• _Task objective_: Pictures are to be left out. Copy exactly, and only, the lines from the start of the entries below to the line with "সম্প্রতি বীর মুক্তিযোদ্ধাদেরকে", both included.

Material for this exercise section start

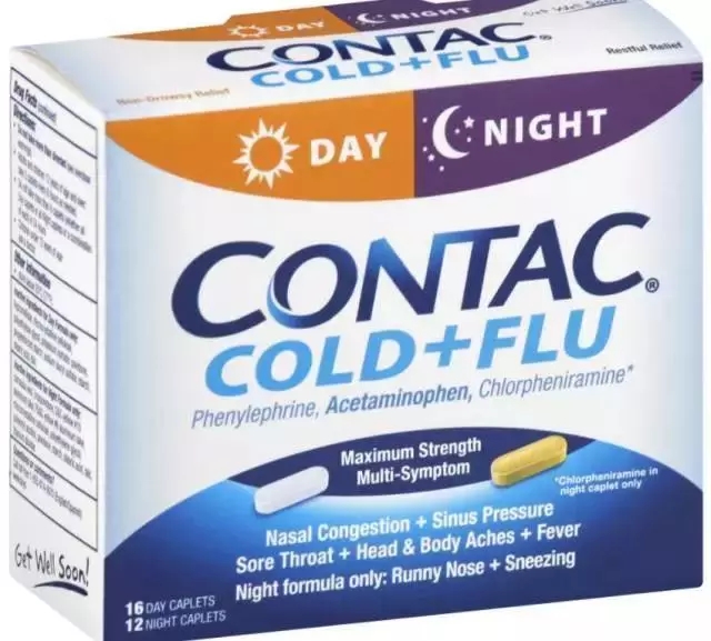 康泰克(Contac),和國內(nèi)的康泰克屬于同種。一盒里面有白天片和黑夜片,針對鼻塞、流鼻涕、流眼淚等癥狀。
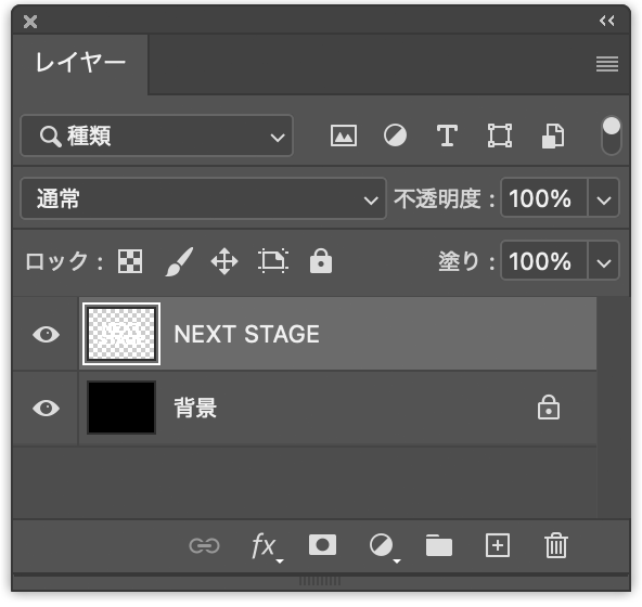 次に横書き文字ツールで元になる文字列(ここでは「NEXT STAGE」)を入力したら、文字パネルでフォントやフォントサイズなどを設定(図2)。レイヤーパネルで文字のレイヤーを選択したあと、レイヤーメニュー→“ラスタライズ”→“テキスト”を実行する(図3)。
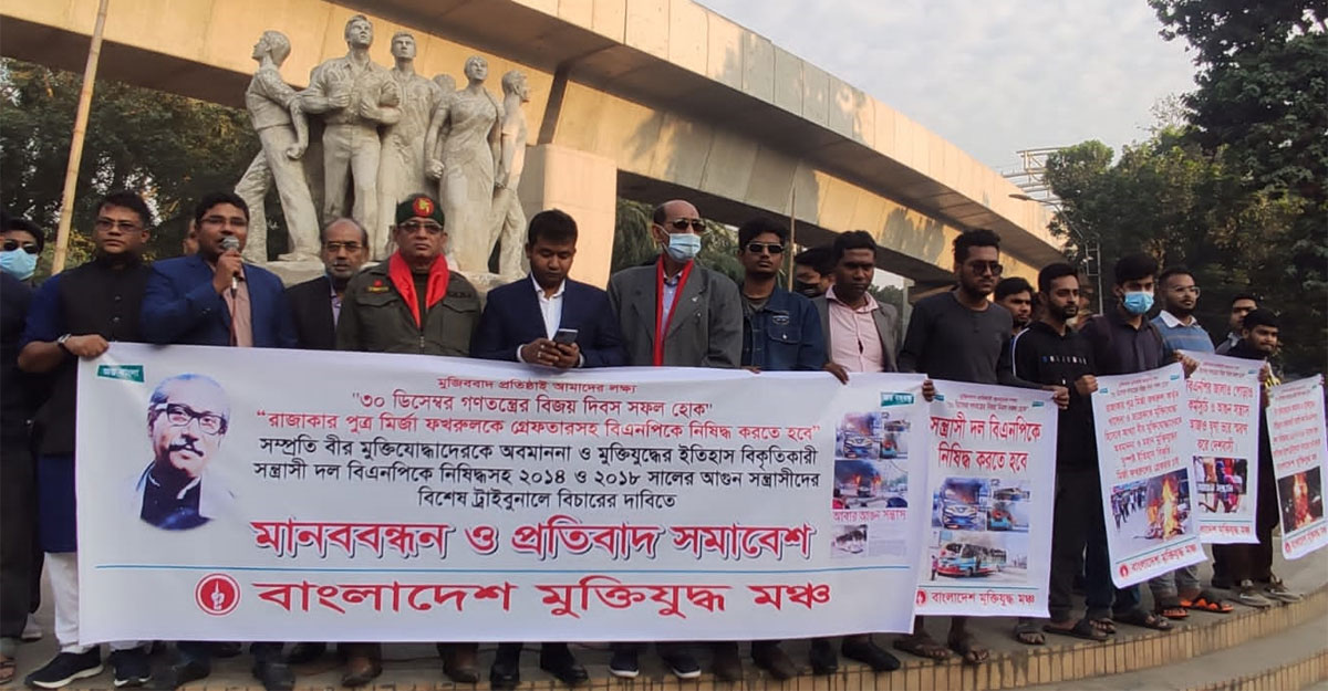 সম্প্রতি বীর মুক্তিযোদ্ধাদেরকে অবমাননা ও মুক্তিযুদ্ধের ইতিহাস বিকৃতির অভিযোগে মির্জা ফখরুল ইসলাম আলমগীরকে গ্রেফতার ও আগুনে পুড়িয়ে মানুষ হত্যার অপরাধে বিএনপিকে নিষিদ্ধের দাবিতে মানববন্ধন ও প্রতিবাদ সমাবেশ করেছে বাংলাদেশ মুক্তিযুদ্ধ মঞ্চ।
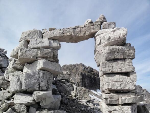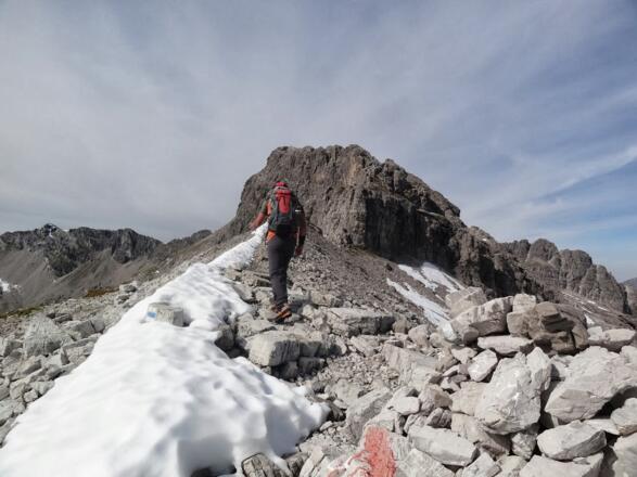 Es sollen hier - kaum sichtbare - Steinmänner den Weg weisen. Ich habe am heutigen Tag an der Scharte keinen Steinmann gefunden. Allerdings ist es ohnehin der einzige Weg nach oben, da davor nur die steilen, meist senkrechten Wände des Johanneskopfes umgangen werden. Die Scharte an sich ist enorm steil und teilweise mit rutschigem Schotter durchsetzt. Das erfordert ausreichend Kraft und Kondition. Oben an der Mulde zwischen den Johannesköpfen angekommen wird man dann tatsächlich von einem Steinmanderl begrüßt. In weiterer Folge sind dann sogar noch einige alte blaue Markierungen sichtbar. Der Weg von der Mulde bis zum Gipfel über den brüchigen Fels ist nicht einfach, aber die Hände wird man nur an ein oder zwei Stellen (maximal I. Grad) kurz brauchen. Ansonsten kommt man dann ohne große Probleme auf den wirklich tollen Gipfel mit fantastischer Aussicht!
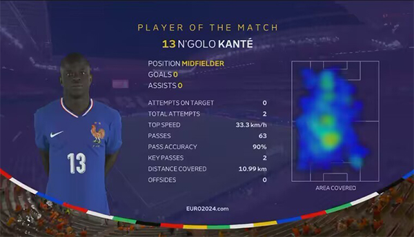 根据赛后统计,坎特此役2次射门,贡献2次抢断,3次关键传球,传球成功率90%,他的比赛热图,几乎覆盖了球场的大部分位置。而坎特也毫无悬念,再次获得欧足联评选的本场官方MVP。
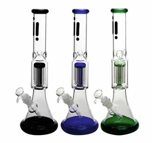 This glass water pipe is 14 inches tall, with a 14mm female joint. Featuring the Infyniti logo and colour accents on the base, tree perc and mouthpiece. This beaker base has a built-in 3-pinch ice catcher and the 8-arm percolator filters the bong smoke which makes for cooler, smoother hits. Includes a glass herb slide and removable downstem.

Material for this exercise section end

• _Problem solution_:
 康泰克(Contac),和國內(nèi)的康泰克屬于同種。一盒里面有白天片和黑夜片,針對鼻塞、流鼻涕、流眼淚等癥狀。
 次に横書き文字ツールで元になる文字列(ここでは「NEXT STAGE」)を入力したら、文字パネルでフォントやフォントサイズなどを設定(図2)。レイヤーパネルで文字のレイヤーを選択したあと、レイヤーメニュー→“ラスタライズ”→“テキスト”を実行する(図3)。
 সম্প্রতি বীর মুক্তিযোদ্ধাদেরকে অবমাননা ও মুক্তিযুদ্ধের ইতিহাস বিকৃতির অভিযোগে মির্জা ফখরুল ইসলাম আলমগীরকে গ্রেফতার ও আগুনে পুড়িয়ে মানুষ হত্যার অপরাধে বিএনপিকে নিষিদ্ধের দাবিতে মানববন্ধন ও প্রতিবাদ সমাবেশ করেছে বাংলাদেশ মুক্তিযুদ্ধ মঞ্চ।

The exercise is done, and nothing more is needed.